Data extract START
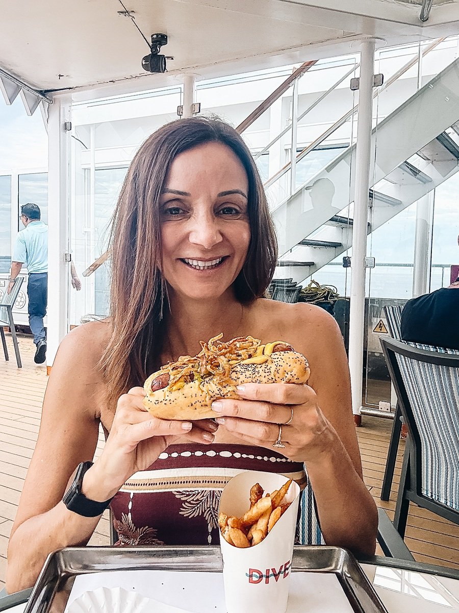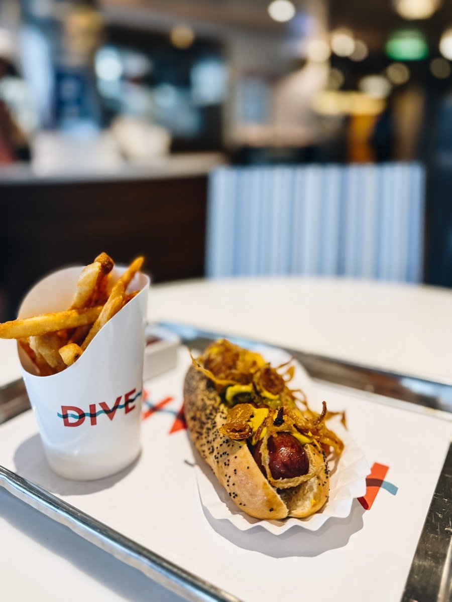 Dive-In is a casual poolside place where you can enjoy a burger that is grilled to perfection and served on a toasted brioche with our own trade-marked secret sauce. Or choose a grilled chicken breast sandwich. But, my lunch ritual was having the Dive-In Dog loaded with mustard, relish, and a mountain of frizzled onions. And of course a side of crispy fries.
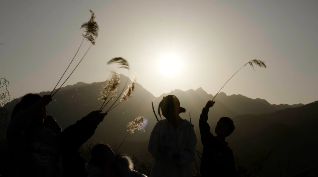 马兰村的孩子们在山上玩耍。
Data extract END
Data extract START
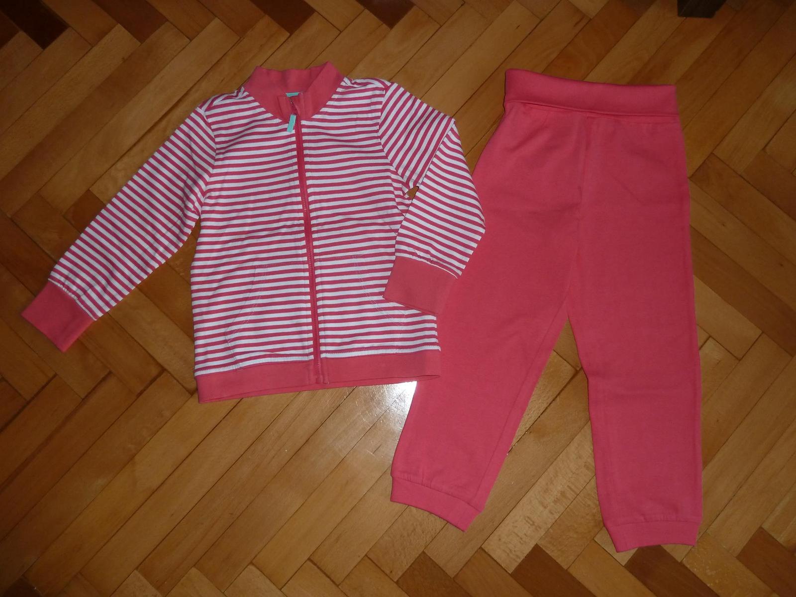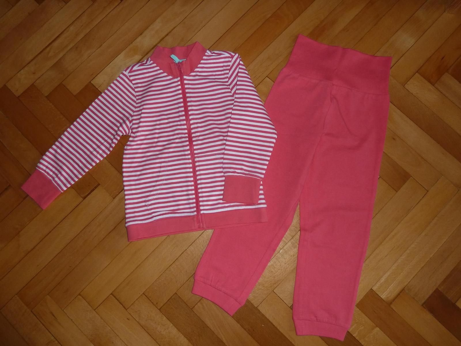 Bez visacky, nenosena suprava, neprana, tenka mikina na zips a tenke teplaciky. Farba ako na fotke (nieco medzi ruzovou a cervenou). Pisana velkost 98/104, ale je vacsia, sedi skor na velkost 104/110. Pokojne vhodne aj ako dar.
Data extract END
Data extract START
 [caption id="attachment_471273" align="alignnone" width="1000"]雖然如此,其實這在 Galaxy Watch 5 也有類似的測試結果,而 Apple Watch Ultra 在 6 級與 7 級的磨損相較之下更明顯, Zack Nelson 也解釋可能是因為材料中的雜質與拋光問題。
Data extract END
**Work order:**
Word for word, retype the lines in the entries above that run from the one with "Dive-In is a" through the one with "马兰村的孩子们在山上玩耍。". Both ends count; pictures do not.

**Task answer:**
 Dive-In is a casual poolside place where you can enjoy a burger that is grilled to perfection and served on a toasted brioche with our own trade-marked secret sauce. Or choose a grilled chicken breast sandwich. But, my lunch ritual was having the Dive-In Dog loaded with mustard, relish, and a mountain of frizzled onions. And of course a side of crispy fries.
 马兰村的孩子们在山上玩耍。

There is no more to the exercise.